** Opening Data extract block **
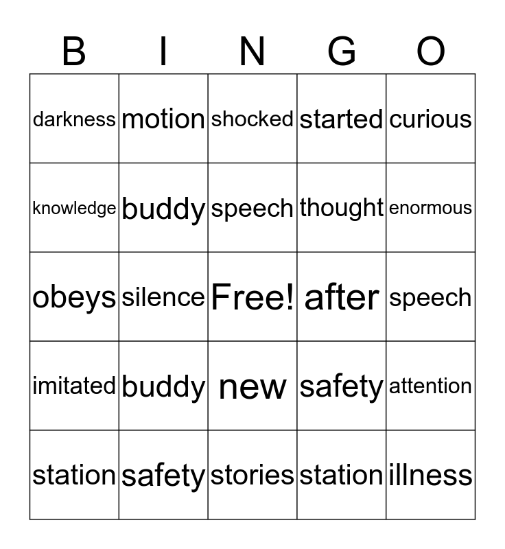 This bingo card has a free space and 24 words: buddy, safety, speech, station, curious, darkness, knowledge, motion, after, new, thought, obeys, safety, attention, buddy, station, speech, shocked, enormous, silence, illness, imitated, started and stories.
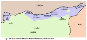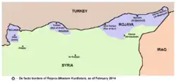 While many rebel groups clashed with the YPG, jihadist and Salafist groups did so the most often.[32] The YPG proved to be the only Kurdish militia able to effectively resist the fundamentalists.[33] While the YPG protected the Kurdish communities it was able to extract a price: it prevented the emergence of new, rival militias and forced existing ones to cooperate with or join the YPG forces on its terms.[34] This was how the Islamist attacks enabled the YPG to unite the Syrian Kurds under its banner[35] and caused[36] it to become the de facto army of the Syrian Kurds.[37][38][39][40]
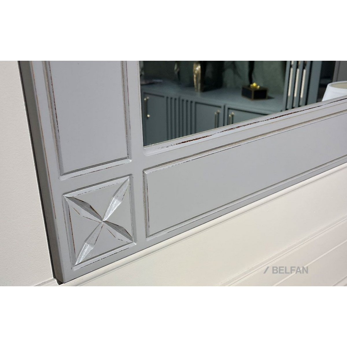 Навесное зеркало Brianson в цвете "муссон+дуб" поможет Вам расставить последние штрихи в интерьере. Оно может стать самостоятельной частью Вашего интерьера или дополнить представленный в коллекции «Бриансон» комод.
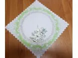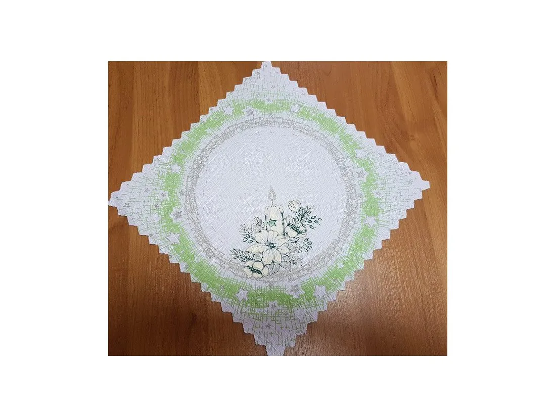 Serwetka świąteczna w rozmiarze 30 x 30 cm w kolorze białym z nadrukiem stroika świątecznego w kolorze zielono srebrnym, została wykonana z tkaniny 100 % poliestrowej, charakteryzuje się nowoczesnym desingiem, prostym wzornictwem oraz modnym kolorem.
** Closing Data extract block **
What to produce ::
Only lines go in the copy, not pictures. Transcribe exactly from the start of the listing through the line containing "While many rebel".

Exercise answer ::
 This bingo card has a free space and 24 words: buddy, safety, speech, station, curious, darkness, knowledge, motion, after, new, thought, obeys, safety, attention, buddy, station, speech, shocked, enormous, silence, illness, imitated, started and stories.
 While many rebel groups clashed with the YPG, jihadist and Salafist groups did so the most often.[32] The YPG proved to be the only Kurdish militia able to effectively resist the fundamentalists.[33] While the YPG protected the Kurdish communities it was able to extract a price: it prevented the emergence of new, rival militias and forced existing ones to cooperate with or join the YPG forces on its terms.[34] This was how the Islamist attacks enabled the YPG to unite the Syrian Kurds under its banner[35] and caused[36] it to become the de facto army of the Syrian Kurds.[37][38][39][40]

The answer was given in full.